Interviewing the Interviewers: Katie McQuater

In NDA’s Interviewing the Interviewers series, we caught up with some of the best interviewers in our industry, from journalists to independent content creators, turning the tables to find out what makes them tick.

Katie McQuater is Deputy Editor at Market Research Society. She was previously Magazine Editor at The Drum.

What is your biggest hope and your biggest fear for the marketing industry in 2019?

Honestly, my biggest hope is that the industry finally better understands and connects with consumers – also known as ‘people’ – and loses the bullshit (especially around brand purpose).

There is a whole world out there beyond Soho. I don’t see it happening.

My worry is, for all the well-intentioned and necessary focus on inclusion – and now unconscious bias, which is having a moment – that we will keep talking about it until we’re blue in the face and still won’t see any concrete change.

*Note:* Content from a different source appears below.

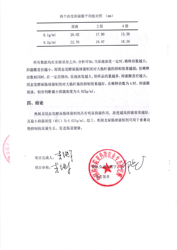 中科院研究結(jié)果表明固態(tài)發(fā)酵的屎腸球菌對大腸桿菌具有明顯的抑制作用,濃度越高抑菌效果越好,其最小抑菌濃度(MIC)為0.025g/mL。綜上,奧姆龍固態(tài)發(fā)酵屎腸球菌制劑可用于畜禽動物抑制病原菌生長、促進腸道健康。
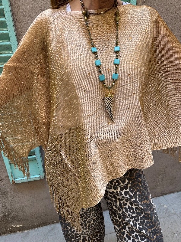 Ponchito/Capa italiana de hilo de seda con apliques pegados de piedritas cuadradas.

Unfortunately it seems that many in the industry are only capable of tackling one issue at a time when it comes to diversity, and then expect a pat on the back for it. It’s like the tech industry’s approach to data privacy.

Therefore I’d like to see less talk from companies, and more specific, solid evidence and proper data to assess whether things are shifting in the right direction or not.

What was your biggest personal industry highlight of 2018?

Covering Brexit from the insight industry’s perspective and hearing about things people have said in focus groups that made my toes curl, but which I needed to hear.

Who was the most inspirational person you interviewed in 2018 and why?

Catherine Hunt, who heads up insight for the Cabinet Office. Her ability to be so pragmatic and realistic in the face of Brexit meltdown was inspiring – she was under no illusions over what the role of the government researcher should be in 2018.

What one technology are you most excited about this year and why?

At the risk of sounding like a Luddite, what I think we need is more nuanced conversation about the role we WANT technology to play in our future lives and societies rather than just going along with the whims of the tech companies.

I admit this is a pretty modish thing to say, but I just don’t believe there’s enough questioning over tech and what purpose it should serve.

That said, on the industry side of things there are companies in the insight space doing some really interesting things with algorithms that allow people’s behaviour and preferences to be captured – while not necessarily new, I think over the next year we will start to see these technologies impacting the way brands inform their decision-making.

What was your favourite ad or digital experience of 2018?

I don’t pay as much attention to ads as I used to now that I’m writing about market research and insight and because I’m deeply cynical, but the HSBC ‘We are not an island’ one with Richard Ayoade seemed to hit the nail on the head.

I still think there’s an opportunity for brands to create ads that contribute to the national conversation, if done in the right way.

What is the buzzword or phrase you’d like to ban forever?

Only one? But there are so many. I’d say ‘authenticity’.

Who’s the one industry figure you’d most like to interview you yet haven’t?

Brené Brown, a researcher who focuses on vulnerability and shame.

How could someone persuade you to interview them and what would put you off completely?

I’d rather not be persuaded – I’m often most interested in people who are quietly good at what they do and not used to blowing their own trumpets. Arrogance and hubris are never good qualities. Also, like every other journalist, I don’t like being chased down by PRs.